TASK DIRECTIONS -> Repeat the listing exactly. Pictures stay out of your copy.

----

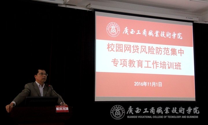 紧接着,覃武云书记进一步指出校园网络借贷的风险。一是某些小型借贷公司多为非法民间借贷组织,借贷手续不规范不合法,并伴有利息高暴力收账等性质特点。二是当你无法支付高额利息时借方便以不法手段去威胁甚至勒索你或者你的家人,担保人。三是部分学生会以个人名义为第三方贷款提供担保,当第三方不能如期偿还贷款,借贷公司直接要求学生承担费用,很多学生防范意识淡薄并不知情。
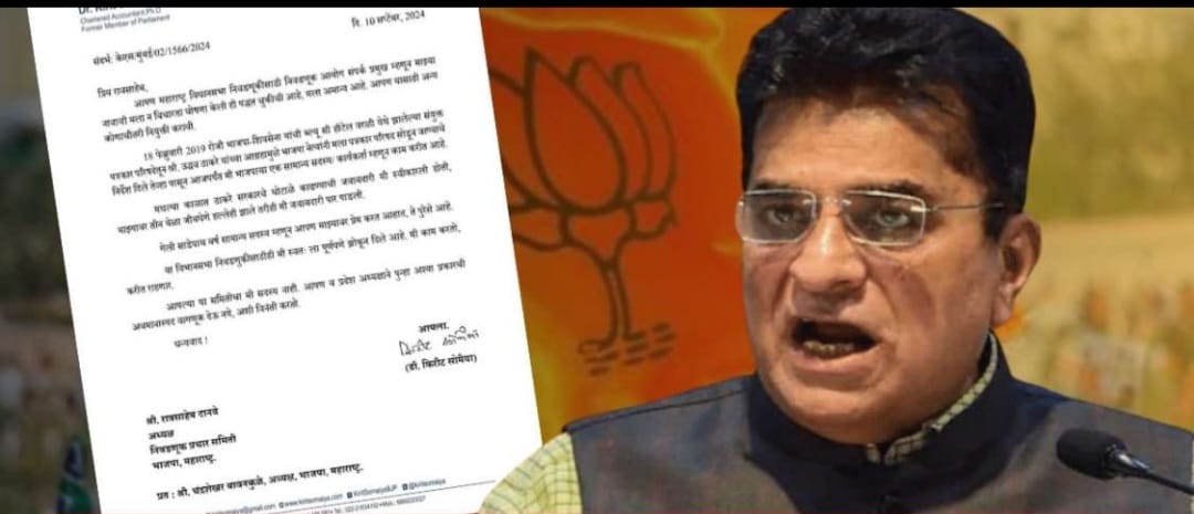 मुंबई : एक ओर जहां विधानसभा चुनाव से पहले बीजेपी में कई घटनाक्रम देखने को मिल रहे हैं, वहीं दूसरी ओर बीजेपी के फायरब्रांड नेता किरीट सोमैया के एक पत्र ने पार्टी में सनसनी मचा दी है।
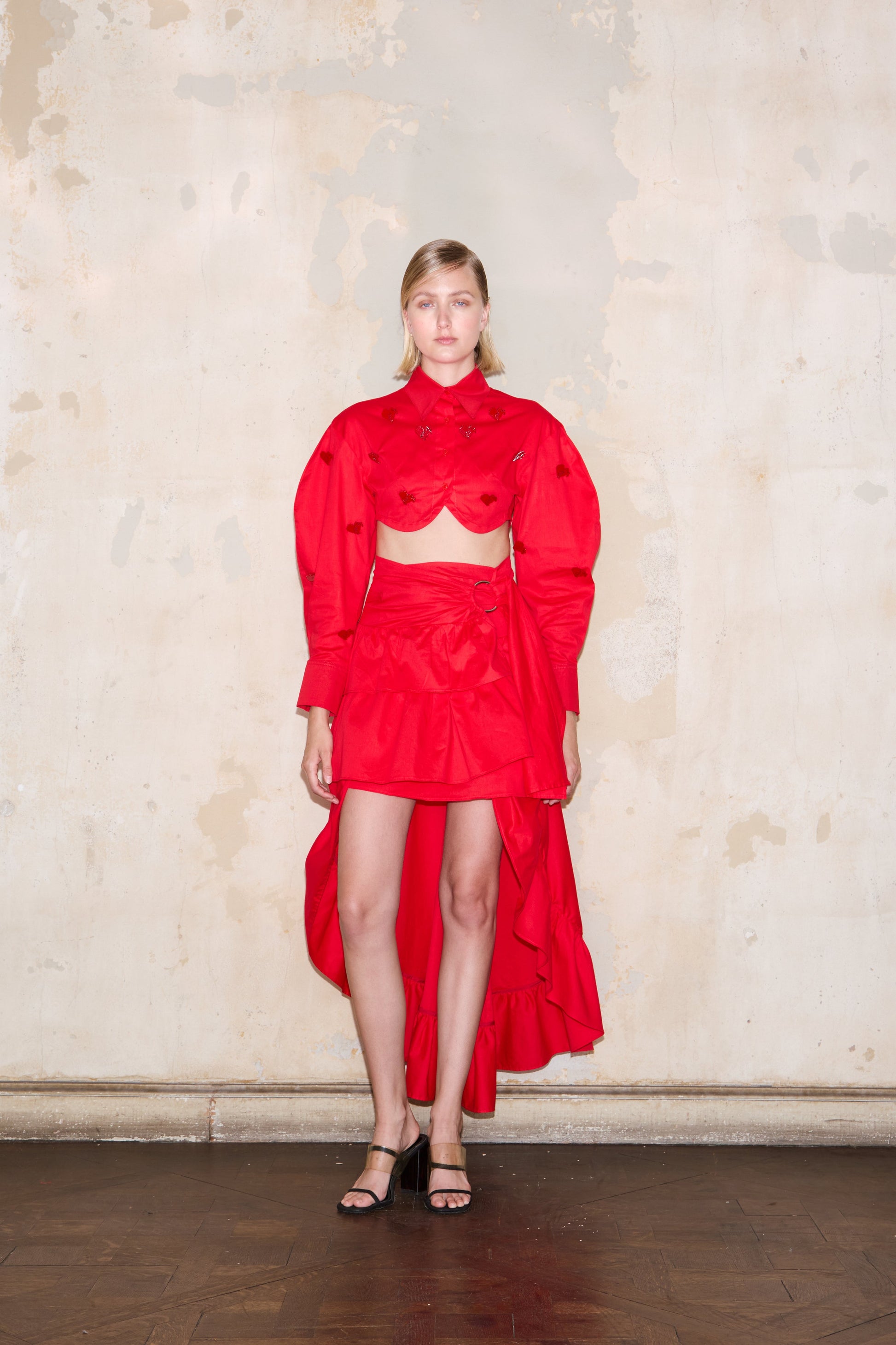 Irregular skirt with ruffles, irregular short front ending in a long ruffled back. It closes with a strap that allows adjusting in waist and a silver metal saddle metallic ring.
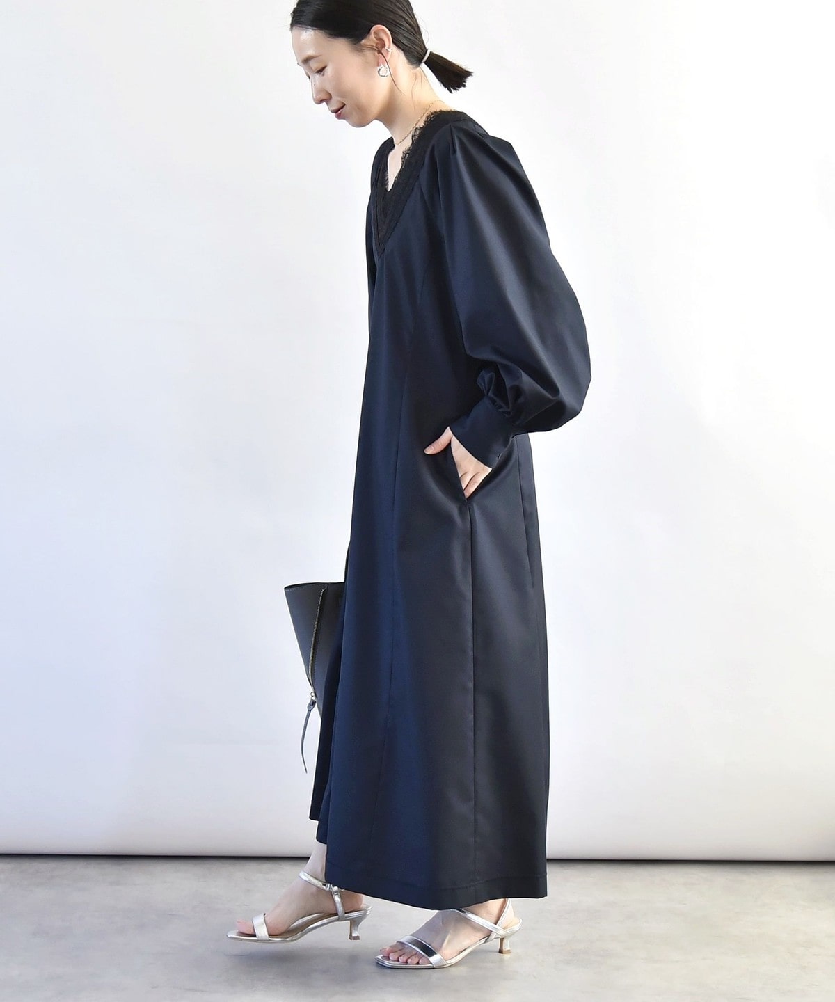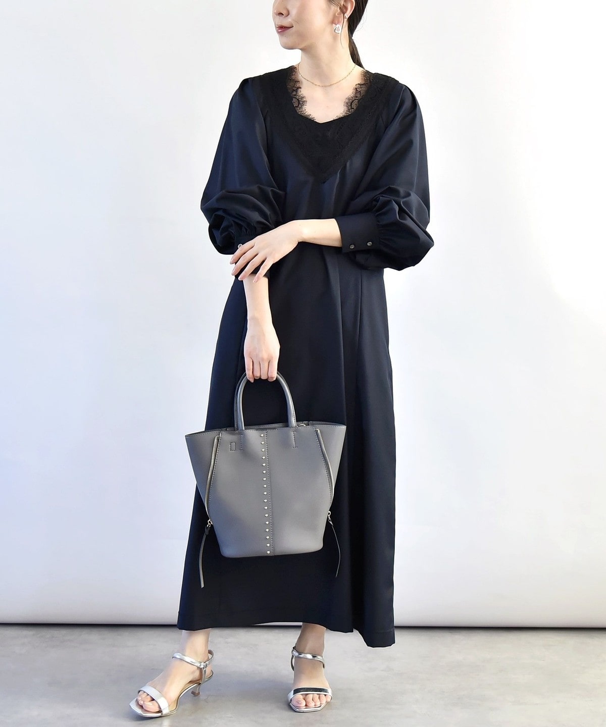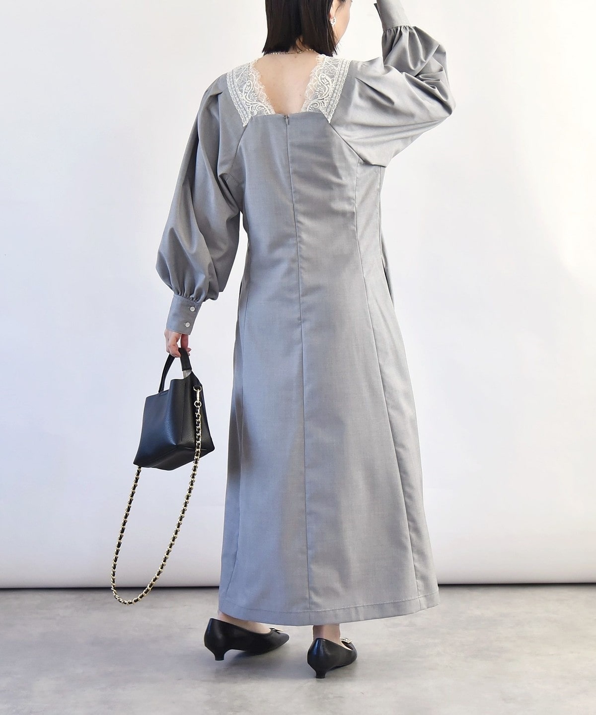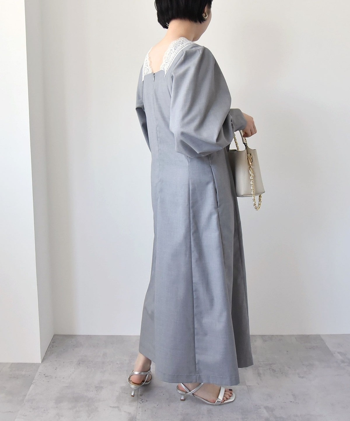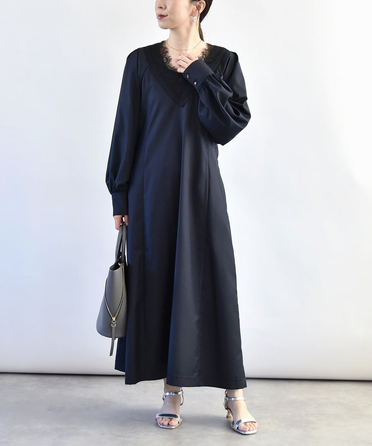 胸元のVのラインがレースも相まって印象的なので、ネックレスは短めの物を合わせていただくとバランスよく仕上がります。
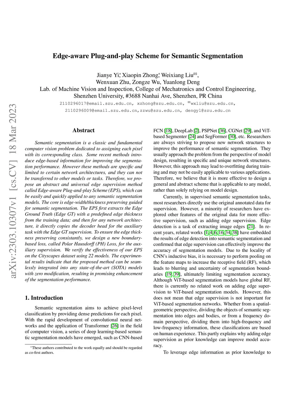 Semantic segmentation is a classic and fundamental computer vision problem dedicated to assigning each pixel with its corresponding class. Some recent methods introduce edge-based information for improving the segmentation performance. However these methods are specific and limited to certain network architectures, and they can not be transferred to other models or tasks. Therefore, we propose an abstract and universal edge supervision method called Edge-aware Plug-and-play Scheme (EPS), which can be easily and quickly applied to any semantic segmentation models. The core is edge-width/thickness preserving guided for semantic segmentation. The EPS first extracts the Edge Ground Truth (Edge GT) with a predefined edge thickness from the training data; and then for any network architecture, it directly copies the decoder head for the auxiliary task with the Edge GT supervision. To ensure the edge thickness preserving consistantly, we design a new boundarybased loss, called Polar Hausdorff (PH) Loss, for the auxiliary supervision. We verify the effectiveness of our EPS on the Cityscapes dataset using 22 models. The experimental results indicate that the proposed method can be seamlessly integrated into any state-of-the-art (SOTA) models with zero modification, resulting in promising enhancement of the segmentation performance.

----

SOLUTION FOR THIS PROBLEM ->
 紧接着,覃武云书记进一步指出校园网络借贷的风险。一是某些小型借贷公司多为非法民间借贷组织,借贷手续不规范不合法,并伴有利息高暴力收账等性质特点。二是当你无法支付高额利息时借方便以不法手段去威胁甚至勒索你或者你的家人,担保人。三是部分学生会以个人名义为第三方贷款提供担保,当第三方不能如期偿还贷款,借贷公司直接要求学生承担费用,很多学生防范意识淡薄并不知情。
 मुंबई : एक ओर जहां विधानसभा चुनाव से पहले बीजेपी में कई घटनाक्रम देखने को मिल रहे हैं, वहीं दूसरी ओर बीजेपी के फायरब्रांड नेता किरीट सोमैया के एक पत्र ने पार्टी में सनसनी मचा दी है।
 Irregular skirt with ruffles, irregular short front ending in a long ruffled back. It closes with a strap that allows adjusting in waist and a silver metal saddle metallic ring.
 胸元のVのラインがレースも相まって印象的なので、ネックレスは短めの物を合わせていただくとバランスよく仕上がります。
 Semantic segmentation is a classic and fundamental computer vision problem dedicated to assigning each pixel with its corresponding class. Some recent methods introduce edge-based information for improving the segmentation performance. However these methods are specific and limited to certain network architectures, and they can not be transferred to other models or tasks. Therefore, we propose an abstract and universal edge supervision method called Edge-aware Plug-and-play Scheme (EPS), which can be easily and quickly applied to any semantic segmentation models. The core is edge-width/thickness preserving guided for semantic segmentation. The EPS first extracts the Edge Ground Truth (Edge GT) with a predefined edge thickness from the training data; and then for any network architecture, it directly copies the decoder head for the auxiliary task with the Edge GT supervision. To ensure the edge thickness preserving consistantly, we design a new boundarybased loss, called Polar Hausdorff (PH) Loss, for the auxiliary supervision. We verify the effectiveness of our EPS on the Cityscapes dataset using 22 models. The experimental results indicate that the proposed method can be seamlessly integrated into any state-of-the-art (SOTA) models with zero modification, resulting in promising enhancement of the segmentation performance.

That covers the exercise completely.